# colors in photoshop...



## wxnut (Aug 18, 2008)

So I edit my photos in CS2 to look like I want them to look. After I post them to the net and look at it on the same monitor, it looks dull and the colors just do not pop like it looked while open in CS2. Are their some settings I messed up somewhere?

I start out RAW, edit, save as a jpg, then upload it to my server. 

Thank you for your time,

Doug Raflik


----------



## prodigy2k7 (Aug 18, 2008)

After you save them from CS2, open them in windows picture viewer, do the colors look the same, then different after you post them online? The online uploader may be reducing the quality. I dont know much about color spaces, someone else may provide a better explanation


----------



## wxnut (Aug 18, 2008)

When opened up with other graphic programs, they look like I described, (dull) so it seems to be a photoshop problem.


----------



## tempra (Aug 18, 2008)

Set your colour space to sRGB in photoshop, it's probably set to adobe RGB which displays great in PS but dull and horrible on the net - most browsers will only support sRGB, so edit in that.


----------



## wxnut (Aug 18, 2008)

That was it!!! Thanks. Question now is will this effect my prints when I send them to the lab?


----------



## tempra (Aug 18, 2008)

wxnut said:


> That was it!!! Thanks. Question now is will this effect my prints when I send them to the lab?



It's probably worth asking your lab what colour space they use, lots of them use sRGB or their printers convert the files to sRGB before printing.

If they use a different colour space, then you would have to create two separate files, but whichever one, you can convert them in PS to whatever colour space you require (as long as it's installed) then export them to a print file.


----------



## Garbz (Aug 18, 2008)

It's a colour management issue. sRGB is a standard.

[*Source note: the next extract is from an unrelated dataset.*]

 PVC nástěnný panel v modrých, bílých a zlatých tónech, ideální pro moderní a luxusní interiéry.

If a lab is not setup to read IEC profiles directly out of the file then they will assume it is sRGB.

Generally if you want to avoid a colossal headache then in camera raw (or in the camera depending on where you get your files from) set it to sRGB and not AdobeRGB, and then ignore it. Otherwise it's a lot to learn, and a lot of steps during the process to get right.


----------



## Dmitri (Aug 18, 2008)

Good answers. Some questions

1: Is there a way to set the default to sRGB in Raw or PS? I couldn't seem to find any way to do this.
*EDIT*: Nevermind. I just found out that after setting one to sRGB, it becomes the default.
2: I also spotted in Raw to use photos at 16 bits instead of 8 bits. I know 8 bits is highest for internet, but does 16 or 8 matter when printing?

Any other tips


----------



## tempra (Aug 18, 2008)

16 bit will give you maximum amount of colours and information, this helps when you are post processing.

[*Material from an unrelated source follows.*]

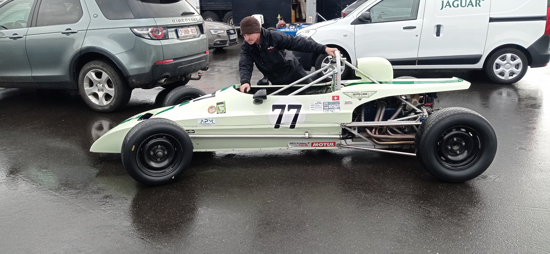 Sur une piste sèche mais froide, François Belle (Lola T 540 E) 3ème temps toutes catégories confondues est déjà leader de la classe B (pre-82) alors que Jonathan Devaux (Crosslé 16 F) 4ème temps en fait de même au niveau de la classe A (pre-74).

For printing, the same applies as long as your printer can interpret the 16bit file however if you are uploading it to an online printer or taking it to a lab they may only deal with 8 bit images - also some filters won't work on 16 bit in PS so you have to convert it to 8 bit.

That help?


----------



## Dmitri (Aug 18, 2008)

tempra said:


> 16 bit will give you maximum amount of colours and information, this helps when you are post processing.
> 
> For printing, the same applies as long as your printer can interpret the 16bit file however if you are uploading it to an online printer or taking it to a lab they may only deal with 8 bit images - also some filters won't work on 16 bit in PS so you have to convert it to 8 bit.
> 
> That help?



lol I think so. You're saying keep it 8 bit unless I'm working pro on a magazine cover or something?


----------



## tempra (Aug 18, 2008)

Dmitri said:


> lol I think so. You're saying keep it 8 bit unless I'm working pro on a magazine cover or something?



It really depends on how much control you want, how much storage space you have and how much grunt your PC has.

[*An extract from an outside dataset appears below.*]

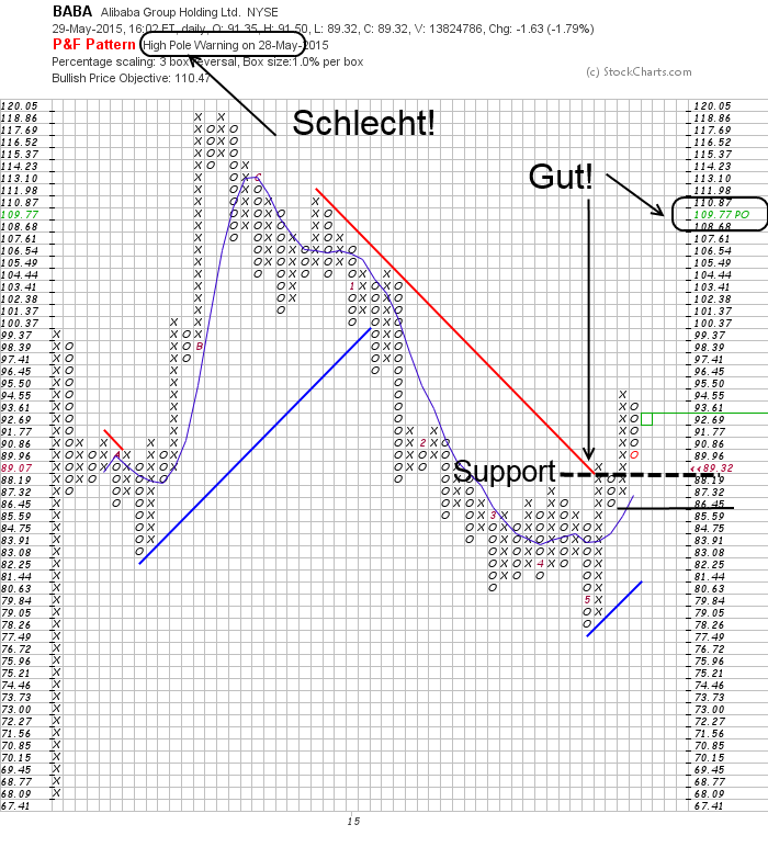 Alibaba ist neben dem Yahoo!-Management der zweite großer Verlierer in dieser Woche: Die Gewinne der Vorwoche wurden in dieser Woche fast vollständig wieder abgegeben. Das ist aber nicht wirklich nachvollziehbar, wenn man sich die guten Nachrichten und auch die Kennzahlen zur Unternehmensbewertung von Alibaba anschaut: Das KGV liegt z.B. noch immer ca. 10 bis 15 Punkte unterhalb der Wachstumsrate. Ein fairer Kurs läge auf dieser Basis momentan bei ca. $110, wenn man die vergangenen 4 Quartale betrachtet. Wenn man den erwarteten Gewinn der kommenden 4 Quartale heranzieht, dann wären ca. $130 angemessen. In dieser Größenordnung sollte sich der Kurs momentan eigentlich bewegen, aber da sind die Kursmanipulatoren an der Wall Street wohl ganz anderer Meinung!

I just did a quick trial and an 8 bit tiff exports at 36.4mb whereas the same file as a 16 bit tiff exports at 72.8mb - both at 300dpi

*checks prices on new hard drives*


----------



## Dmitri (Aug 18, 2008)

tempra said:


> It really depends on how much control you want, how much storage space you have and how much grunt your PC has.
> 
> I just did a quick trial and an 8 bit tiff exports at 36.4mb whereas the same file as a 16 bit tiff exports at 72.8mb - both at 300dpi
> 
> *checks prices on new hard drives*




 Gotcha. I'll stick with 8 bit then, until I have some reason to do otherwise. Thanks Tempra


----------



## icassell (Aug 18, 2008)

Garbz said:


> It's a colour management issue. sRGB is a standard. If a lab is not setup to read IEC profiles directly out of the file then they will assume it is sRGB.
> 
> Generally if you want to avoid a colossal headache then in camera raw (or in the camera depending on where you get your files from) set it to sRGB and not AdobeRGB, and then ignore it. Otherwise it's a lot to learn, and a lot of steps during the process to get right.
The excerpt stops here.